- **Listed records**:

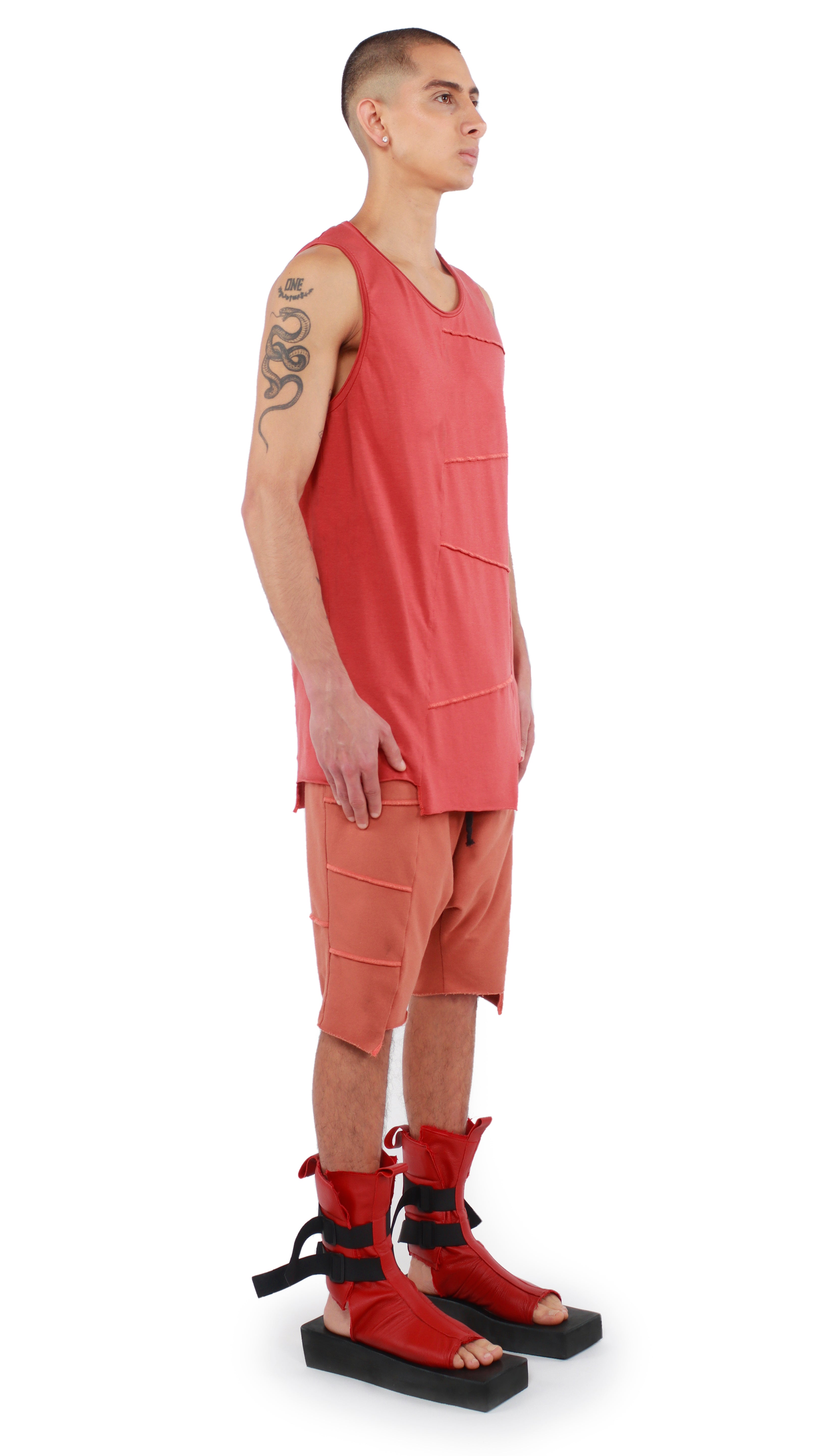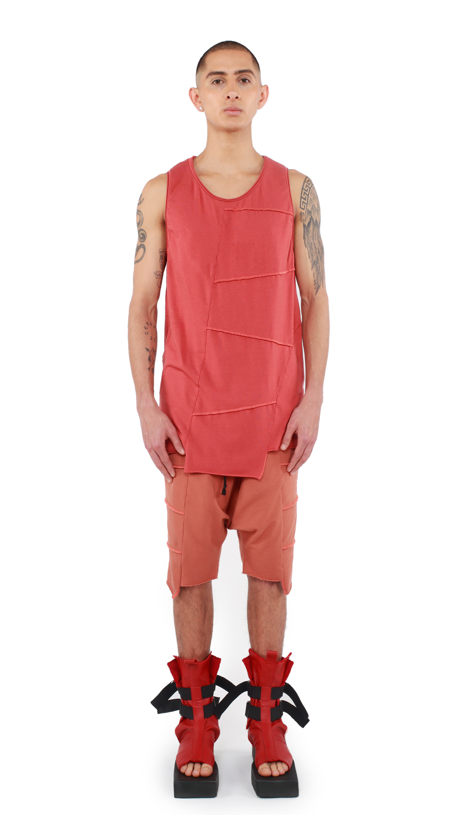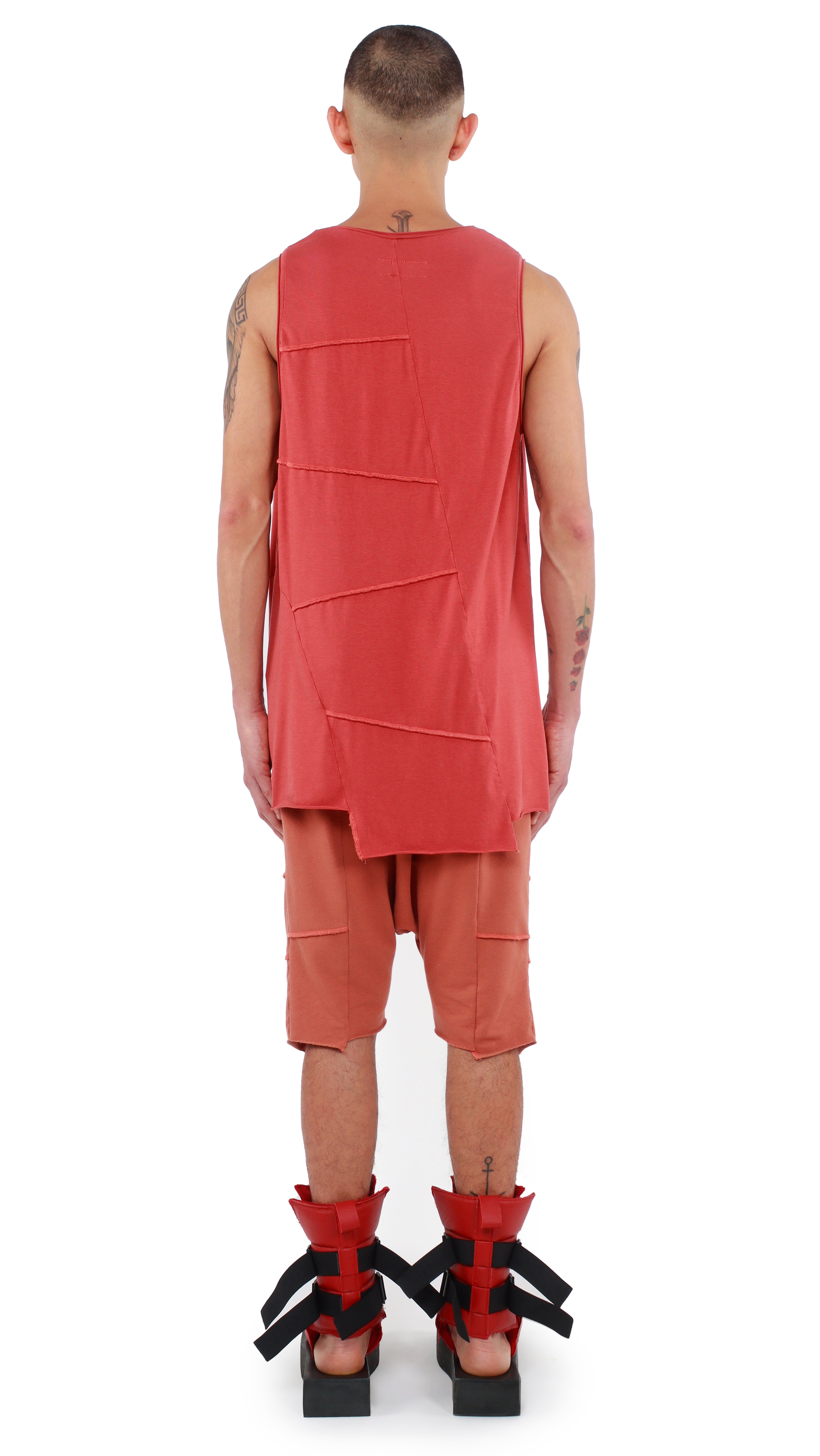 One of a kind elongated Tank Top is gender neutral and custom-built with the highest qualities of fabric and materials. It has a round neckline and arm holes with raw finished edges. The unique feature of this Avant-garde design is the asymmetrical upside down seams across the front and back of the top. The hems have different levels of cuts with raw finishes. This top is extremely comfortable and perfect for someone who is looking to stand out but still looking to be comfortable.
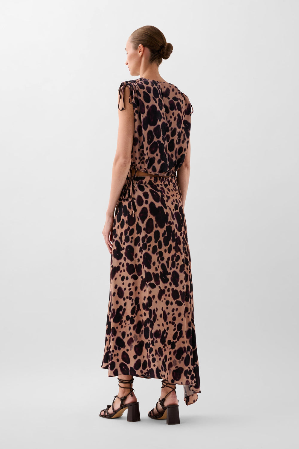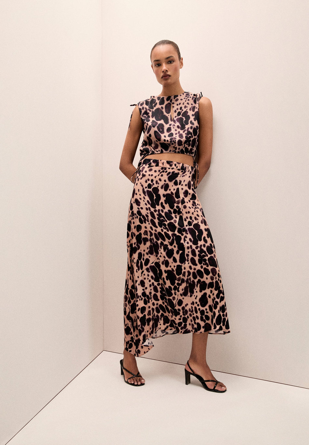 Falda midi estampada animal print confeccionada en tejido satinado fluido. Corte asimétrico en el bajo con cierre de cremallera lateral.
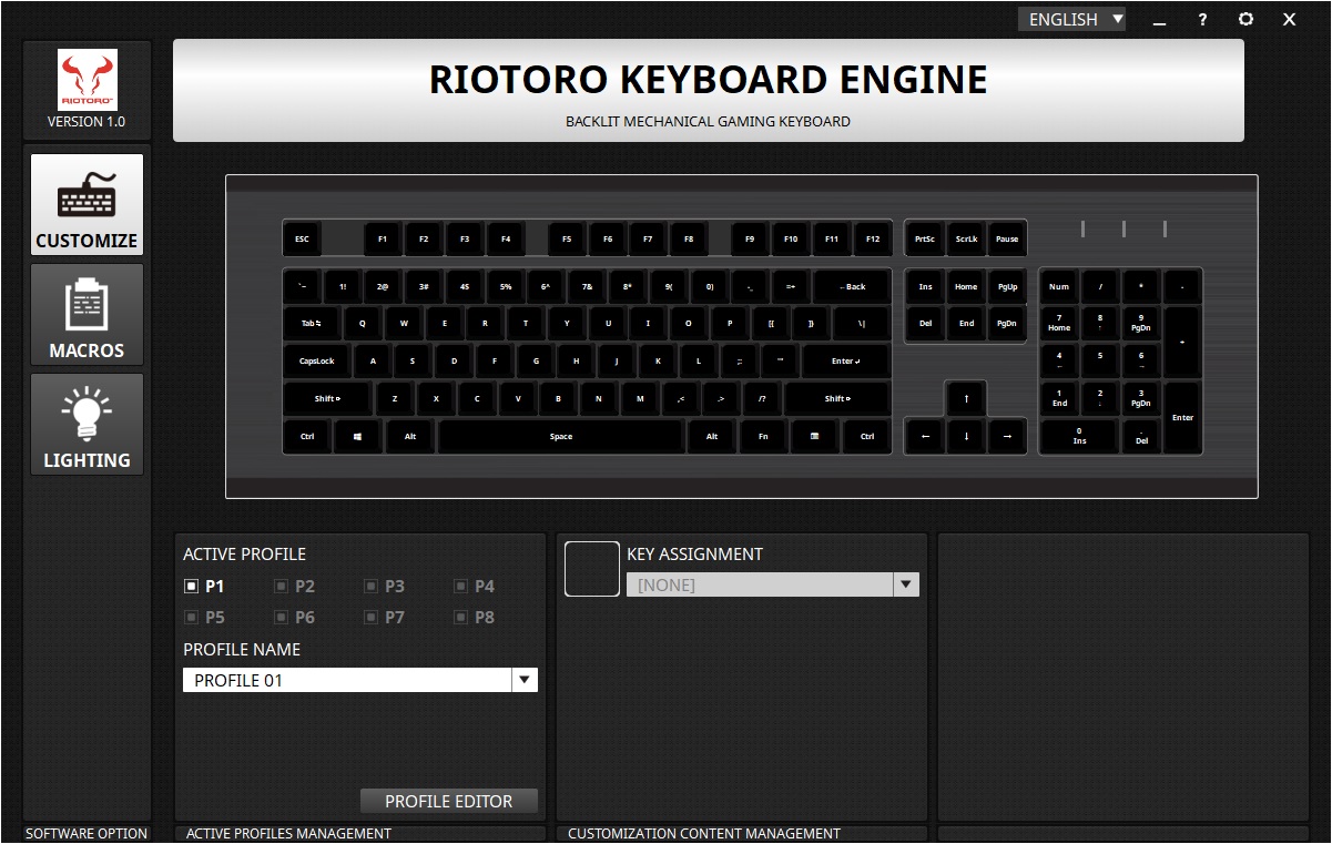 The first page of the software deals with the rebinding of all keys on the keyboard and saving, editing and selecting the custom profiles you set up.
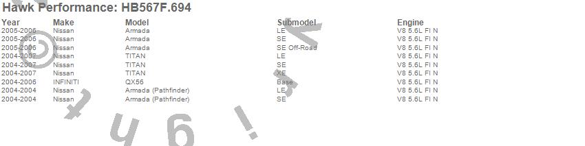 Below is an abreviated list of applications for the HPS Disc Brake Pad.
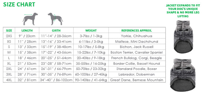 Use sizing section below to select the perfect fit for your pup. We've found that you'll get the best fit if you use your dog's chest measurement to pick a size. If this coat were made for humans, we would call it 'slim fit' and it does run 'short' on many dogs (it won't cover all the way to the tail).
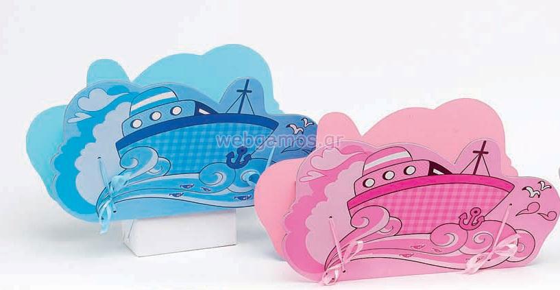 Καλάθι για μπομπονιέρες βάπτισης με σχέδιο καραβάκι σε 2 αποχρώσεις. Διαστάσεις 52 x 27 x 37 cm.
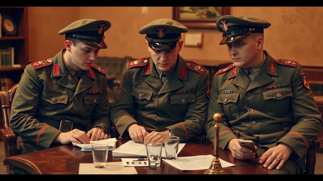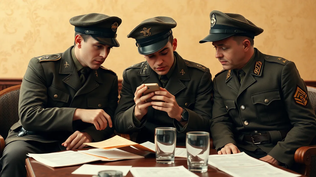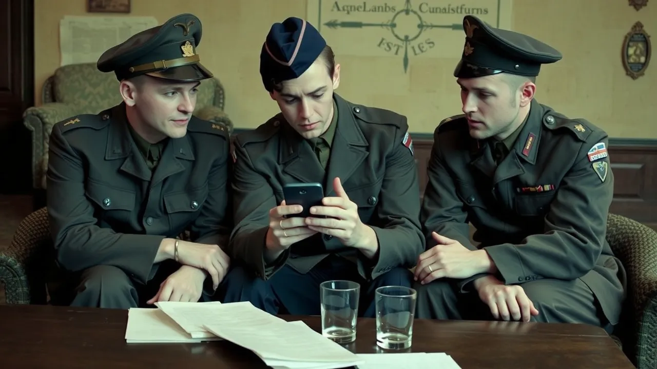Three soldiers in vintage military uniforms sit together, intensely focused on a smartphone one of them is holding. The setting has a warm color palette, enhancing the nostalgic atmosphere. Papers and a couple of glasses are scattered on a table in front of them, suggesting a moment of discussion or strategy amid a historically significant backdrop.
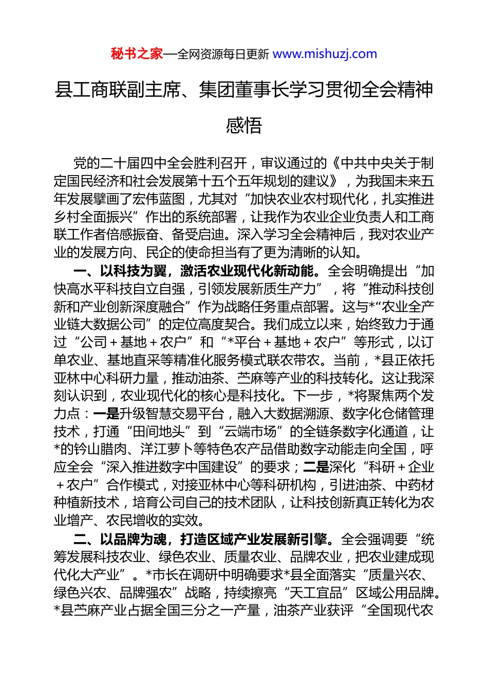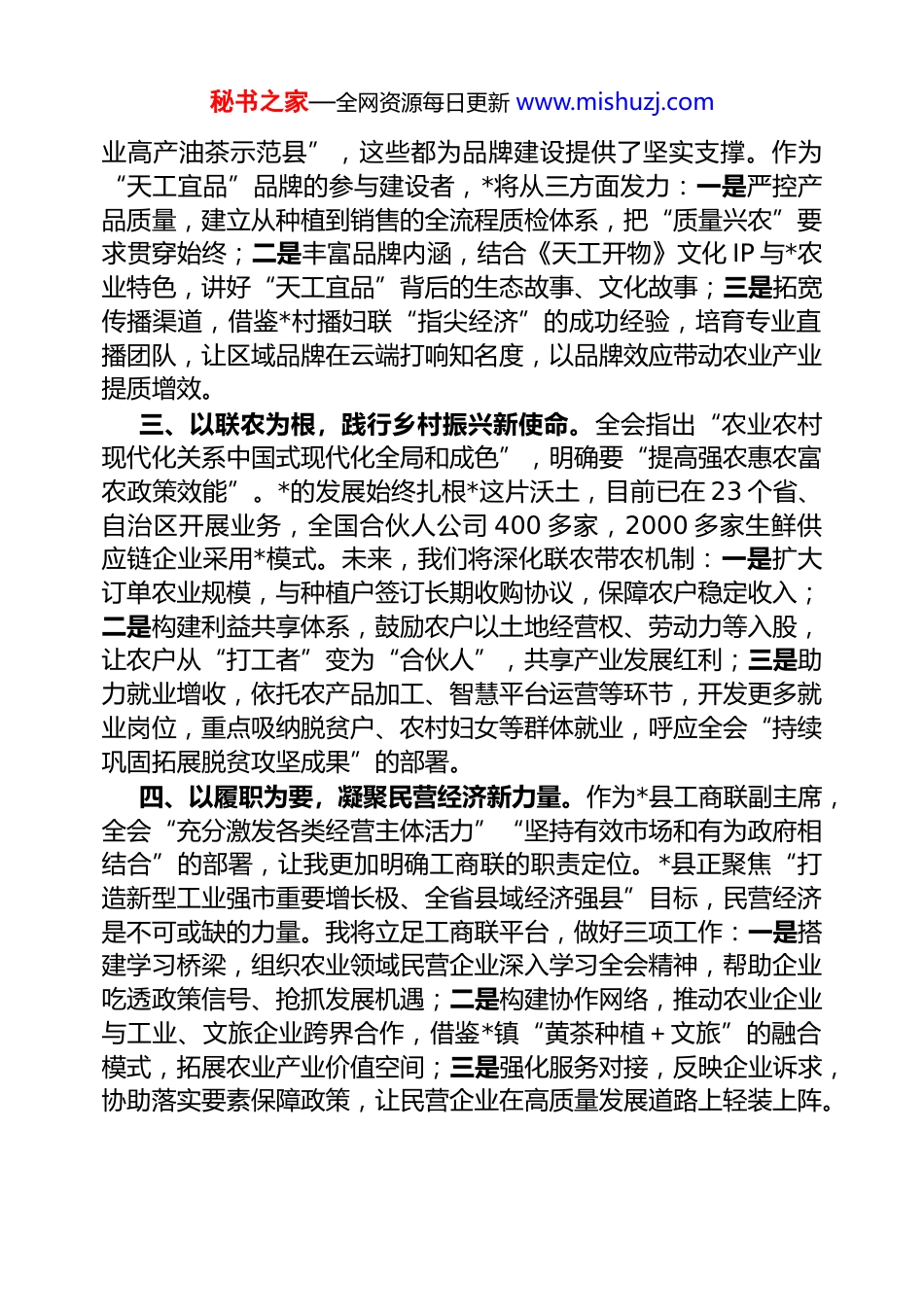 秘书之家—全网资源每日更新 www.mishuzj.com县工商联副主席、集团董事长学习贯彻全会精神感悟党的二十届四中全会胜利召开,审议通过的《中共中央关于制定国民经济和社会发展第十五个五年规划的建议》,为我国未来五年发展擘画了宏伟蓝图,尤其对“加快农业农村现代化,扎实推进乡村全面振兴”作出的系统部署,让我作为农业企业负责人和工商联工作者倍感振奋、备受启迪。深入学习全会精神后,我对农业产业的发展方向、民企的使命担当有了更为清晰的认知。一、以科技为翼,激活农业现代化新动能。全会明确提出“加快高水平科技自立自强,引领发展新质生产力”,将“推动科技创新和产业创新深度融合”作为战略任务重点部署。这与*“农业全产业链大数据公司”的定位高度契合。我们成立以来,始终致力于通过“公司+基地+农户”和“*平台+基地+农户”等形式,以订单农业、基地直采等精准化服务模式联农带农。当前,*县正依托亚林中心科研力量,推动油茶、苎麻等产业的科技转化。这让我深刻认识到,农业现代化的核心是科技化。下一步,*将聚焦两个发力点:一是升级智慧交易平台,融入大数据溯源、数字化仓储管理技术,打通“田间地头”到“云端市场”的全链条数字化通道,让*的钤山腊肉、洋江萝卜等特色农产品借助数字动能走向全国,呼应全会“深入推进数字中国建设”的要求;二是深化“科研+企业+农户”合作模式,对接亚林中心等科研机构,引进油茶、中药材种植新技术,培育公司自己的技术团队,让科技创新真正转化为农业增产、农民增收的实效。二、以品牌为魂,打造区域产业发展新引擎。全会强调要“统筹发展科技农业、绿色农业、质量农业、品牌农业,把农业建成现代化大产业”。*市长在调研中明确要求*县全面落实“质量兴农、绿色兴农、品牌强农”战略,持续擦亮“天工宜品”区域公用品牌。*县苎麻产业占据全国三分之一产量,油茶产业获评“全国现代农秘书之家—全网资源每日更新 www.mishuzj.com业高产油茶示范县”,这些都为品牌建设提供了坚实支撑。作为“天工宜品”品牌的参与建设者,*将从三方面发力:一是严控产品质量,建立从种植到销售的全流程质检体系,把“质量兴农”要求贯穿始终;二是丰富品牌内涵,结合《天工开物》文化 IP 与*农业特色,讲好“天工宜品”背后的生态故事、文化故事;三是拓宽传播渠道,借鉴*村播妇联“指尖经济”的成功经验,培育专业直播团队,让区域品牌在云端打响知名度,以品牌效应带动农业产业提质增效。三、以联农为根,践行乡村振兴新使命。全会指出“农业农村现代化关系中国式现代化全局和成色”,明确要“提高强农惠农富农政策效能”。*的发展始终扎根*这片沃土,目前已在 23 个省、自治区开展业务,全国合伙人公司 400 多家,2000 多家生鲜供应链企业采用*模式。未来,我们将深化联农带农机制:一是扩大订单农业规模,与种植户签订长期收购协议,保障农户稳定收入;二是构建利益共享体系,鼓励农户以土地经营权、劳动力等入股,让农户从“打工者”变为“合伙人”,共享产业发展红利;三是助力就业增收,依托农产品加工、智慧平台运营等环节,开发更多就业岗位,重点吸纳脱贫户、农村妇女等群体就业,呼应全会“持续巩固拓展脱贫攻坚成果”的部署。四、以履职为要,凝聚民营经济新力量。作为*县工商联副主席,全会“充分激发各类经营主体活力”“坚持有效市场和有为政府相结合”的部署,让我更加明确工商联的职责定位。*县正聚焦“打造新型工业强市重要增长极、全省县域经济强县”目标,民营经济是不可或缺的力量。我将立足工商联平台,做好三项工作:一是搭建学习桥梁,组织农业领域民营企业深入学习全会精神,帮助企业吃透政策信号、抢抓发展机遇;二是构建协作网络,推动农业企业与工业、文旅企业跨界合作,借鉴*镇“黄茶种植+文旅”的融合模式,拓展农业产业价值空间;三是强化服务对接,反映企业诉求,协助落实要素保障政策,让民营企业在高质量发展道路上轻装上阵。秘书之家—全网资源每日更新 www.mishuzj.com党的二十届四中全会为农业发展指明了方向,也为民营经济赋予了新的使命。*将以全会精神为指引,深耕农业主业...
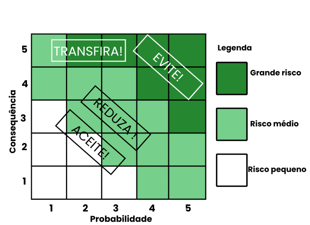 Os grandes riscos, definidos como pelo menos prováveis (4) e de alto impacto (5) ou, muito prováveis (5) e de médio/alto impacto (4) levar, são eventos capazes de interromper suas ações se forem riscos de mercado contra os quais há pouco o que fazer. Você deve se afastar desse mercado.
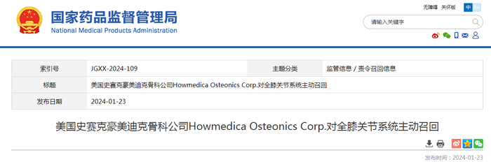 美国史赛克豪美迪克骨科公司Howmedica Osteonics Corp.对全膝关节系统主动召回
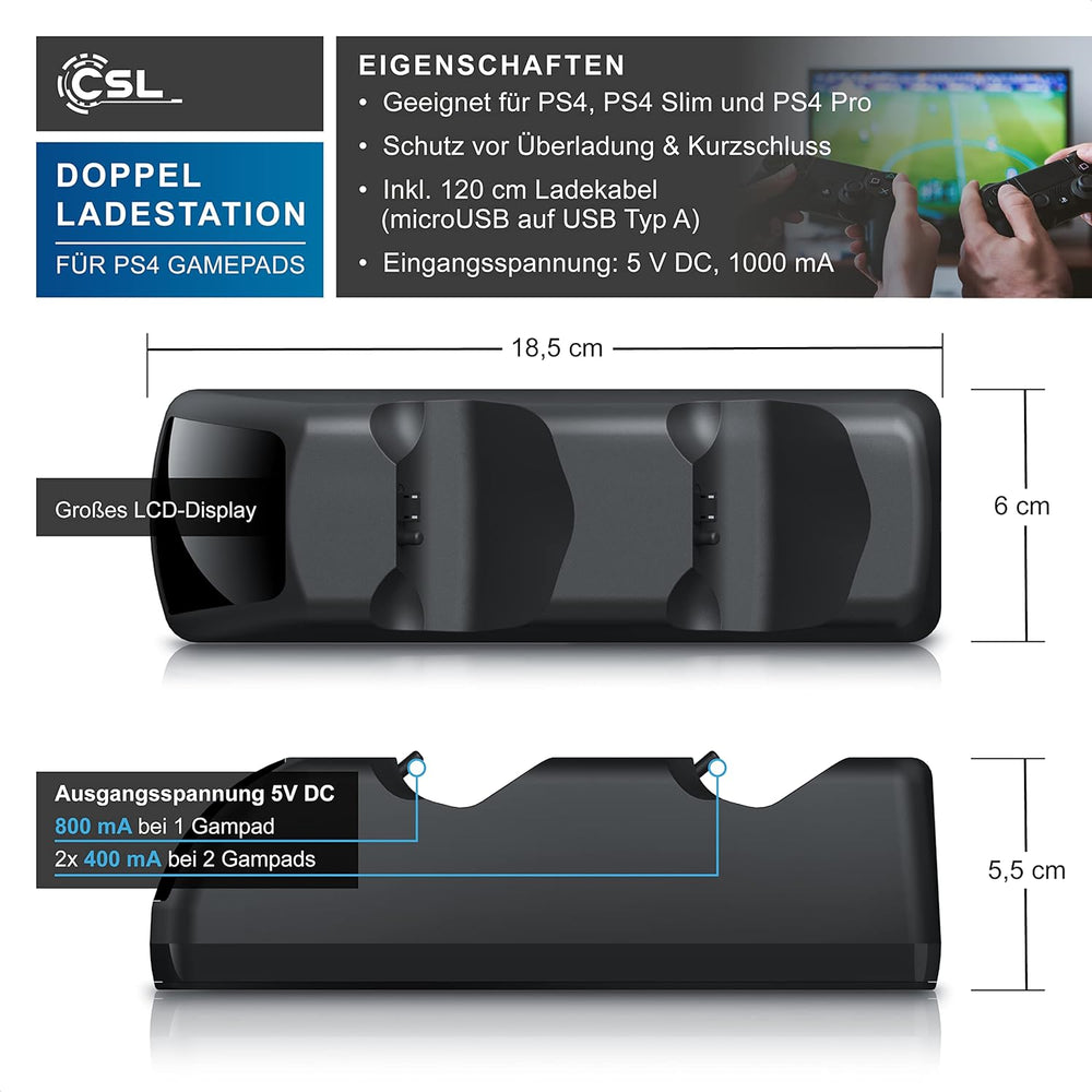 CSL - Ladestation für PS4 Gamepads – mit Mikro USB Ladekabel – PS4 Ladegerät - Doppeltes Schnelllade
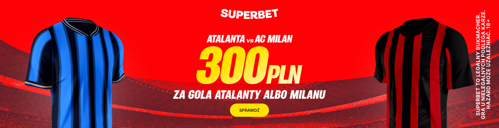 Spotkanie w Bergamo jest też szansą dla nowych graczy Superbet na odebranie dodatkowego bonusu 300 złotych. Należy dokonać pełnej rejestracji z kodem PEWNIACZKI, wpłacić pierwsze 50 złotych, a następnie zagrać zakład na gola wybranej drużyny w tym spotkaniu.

- **What you have to do**: Set down the records above word for word, from the first line through the line containing "Three soldiers in", both included; leave out the pictures.

- **Output of the exercise**:
 One of a kind elongated Tank Top is gender neutral and custom-built with the highest qualities of fabric and materials. It has a round neckline and arm holes with raw finished edges. The unique feature of this Avant-garde design is the asymmetrical upside down seams across the front and back of the top. The hems have different levels of cuts with raw finishes. This top is extremely comfortable and perfect for someone who is looking to stand out but still looking to be comfortable.
 Falda midi estampada animal print confeccionada en tejido satinado fluido. Corte asimétrico en el bajo con cierre de cremallera lateral.
 The first page of the software deals with the rebinding of all keys on the keyboard and saving, editing and selecting the custom profiles you set up.
 Below is an abreviated list of applications for the HPS Disc Brake Pad.
 Use sizing section below to select the perfect fit for your pup. We've found that you'll get the best fit if you use your dog's chest measurement to pick a size. If this coat were made for humans, we would call it 'slim fit' and it does run 'short' on many dogs (it won't cover all the way to the tail).
 Καλάθι για μπομπονιέρες βάπτισης με σχέδιο καραβάκι σε 2 αποχρώσεις. Διαστάσεις 52 x 27 x 37 cm.
Three soldiers in vintage military uniforms sit together, intensely focused on a smartphone one of them is holding. The setting has a warm color palette, enhancing the nostalgic atmosphere. Papers and a couple of glasses are scattered on a table in front of them, suggesting a moment of discussion or strategy amid a historically significant backdrop.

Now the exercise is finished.